─── Data records

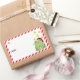 Navidades divertidos etiquetan tus regalos. Una feliz rana verde con un sombrero de Papá Noel rojo y blanco y rodeada de brillantes estrellas amarillas está sentada en el lado derecho. A la izquierda hay espacios para añadir la información a y desde y un borde de rayas diagonales rojas y blancas.
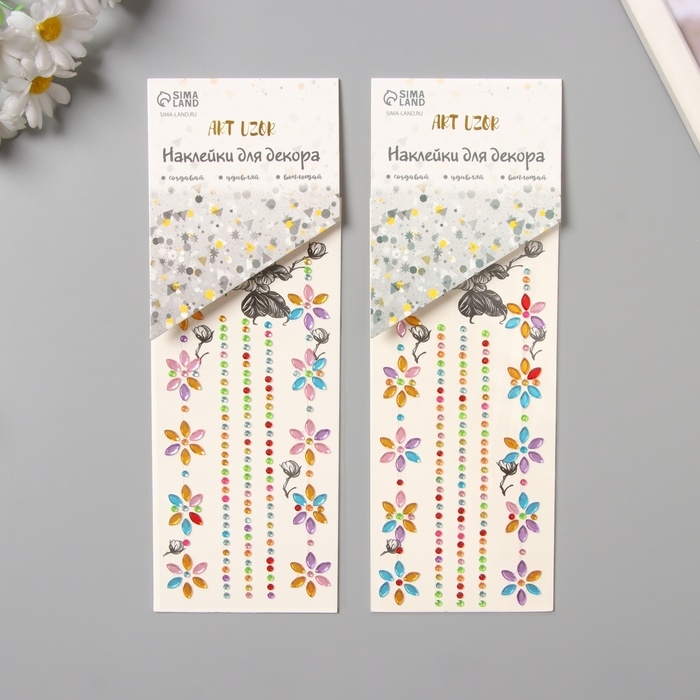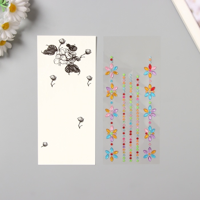 Наклейка пластик стразы тату на тело "Цветочная аппликация" цветная набор 2 листа 18х8 см
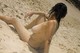Брюнетка из Великобритании позирует на песке, демонстрируя красивое тело
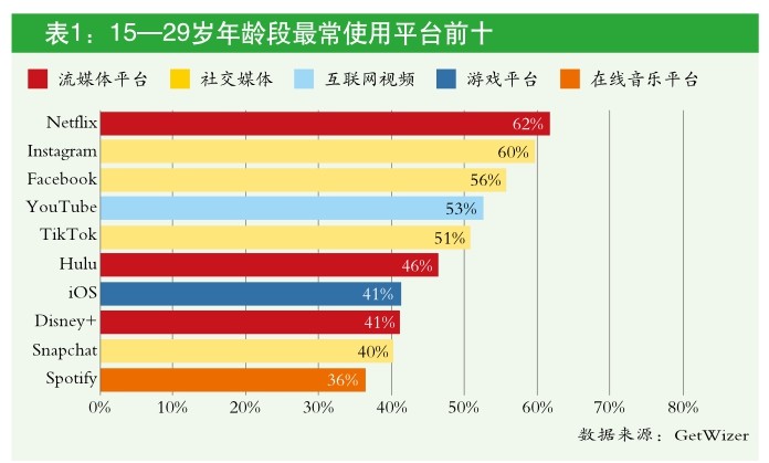 观察美国15—29岁年龄段常用平台排名,不难发现,这一代年轻人娱乐生活的跨平台已经成为常态,但在这些常用平台中,没有一个是传统媒体。显然,这代消费者中年轻群体已经很少关注传统媒体了。
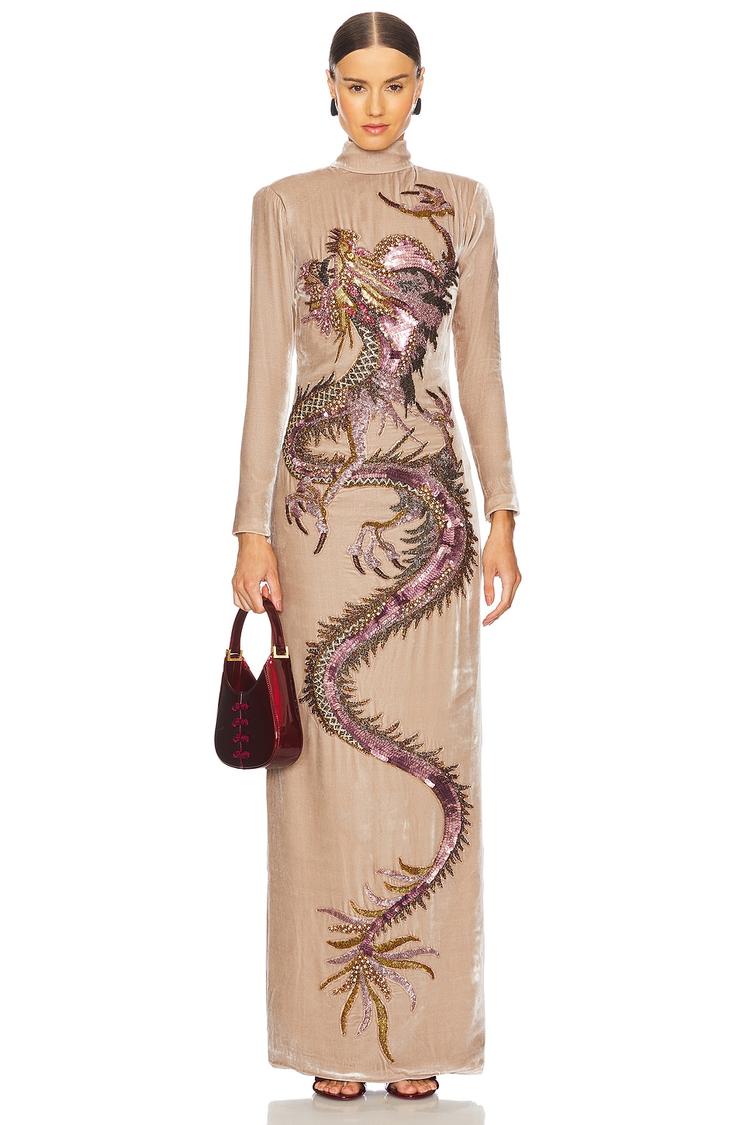 Delicate silk velvet shines with intricate sequin embellishments that trace a dramatic dragon motif on this column silhouette gown. The fitted maxi length and long sleeves balance the bold open back, secured with a partial hidden zipper and button closure. Padded shoulders add structure to the elegant round neckline, perfect for formal galas, cocktail events, or red carpet appearances. Crafted in luxurious silk velvet, this sophisticated gown offers a refined autumn and winter look that commands attention with its rich texture and metallic detail accents.
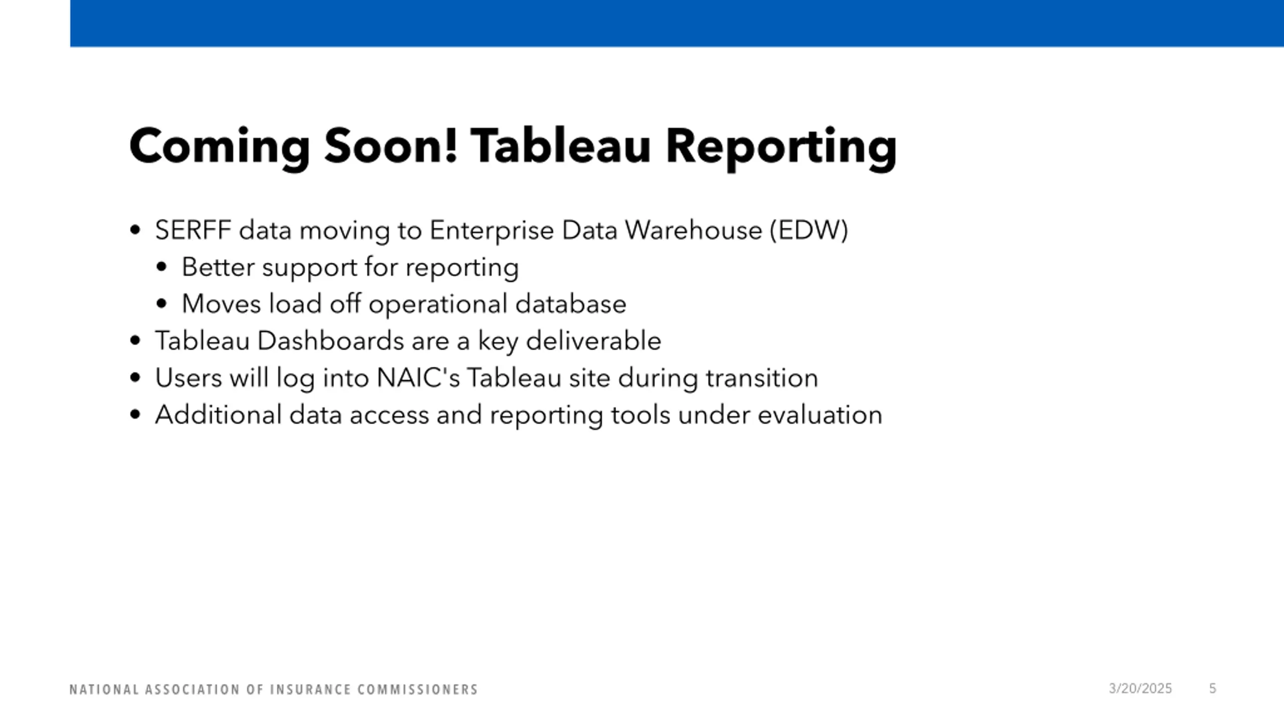 Coming Soon! Tableau Reporting SERFF data moving to Enterprise Data Warehouse (EDW) Better support for reporting Moves load off operational database Tableau Dashboards are a key deliverable Users will log into NAIC's Tableau site during transition Additional data access and reporting tools under evaluation 3/20/2025 5
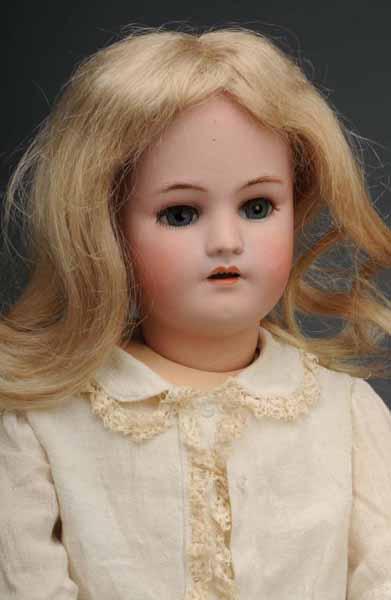 Description Germany, Ca. 1900. Bisque socket head incised "Heinrich Handwerck" (repaired in back), set glass eyes, replaced wig, open mouth, jointed composition body (repainted), vintage dress and undies. Bisque head incised "A.M. 390", set glass eyes, open mouth, replaced mohair wig, jointed composition body (repaired unpainted finger), dressed with vintage shoes. Condition (Good). Size Largest: 26" T.
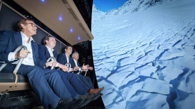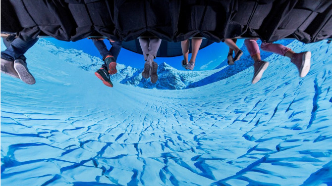 "我们提出了多通道投影解决方案,因为它不仅能够实现更高的亮度输出,同时分辨率也更高。除此以外,您最终会获得更为逼真的身临其境之感,这比仅在中心布置一台投影机的效果更好,"Gellermann 如是说。选择单台投影机的另一项劣势在于"最佳位置",即获得理想观览体验可以乘坐的位置。而使用单台投影机那么从观众位置来看,此点恰位于正中央。但此处却无法供观众使用。Voletarium所采用技术的另一项优势在于乘坐系统未与投影机相连接,这便意味着他们不会感受到任何震动。
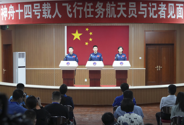 6月4日,执行神舟十四号载人飞行任务的3名乘组航天员陈冬(中)、刘洋(右)、蔡旭哲在酒泉卫星发射中心问天阁与媒体记者集体见面,并回答记者提问。新华社记者 李刚 摄
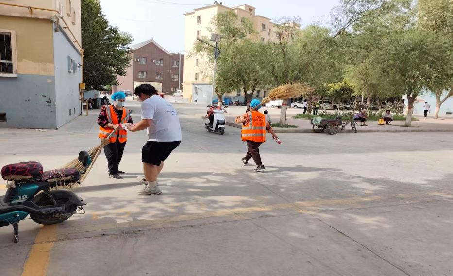 塔里木大學生命科學與技術學院“芯生命·沙海織綠·生態共謀”生態實踐團響應鄉村振興戰略“生態宜居”要求,走進新疆麥蓋提縣刀郎小區,與社區環保人員攜手開展環境衛生清掃志愿服務,以實際行動參與基層生態治理,助力美麗社區建設。
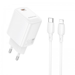 Borofone hálózati töltőadapter BN28 Fuente - Type C - PD 30W Type C - Lightning kábellel, fehér GaN 3 500 Ft Termék adatlap

──────

Task instructions: Set down the lines from the one containing "塔里木大學生命科學與技術學院" through the last line of the records above, both included, exactly as they appear and with no other text. Pictures should not be set down.

Problem solution:
 塔里木大學生命科學與技術學院“芯生命·沙海織綠·生態共謀”生態實踐團響應鄉村振興戰略“生態宜居”要求,走進新疆麥蓋提縣刀郎小區,與社區環保人員攜手開展環境衛生清掃志愿服務,以實際行動參與基層生態治理,助力美麗社區建設。
 Borofone hálózati töltőadapter BN28 Fuente - Type C - PD 30W Type C - Lightning kábellel, fehér GaN 3 500 Ft Termék adatlap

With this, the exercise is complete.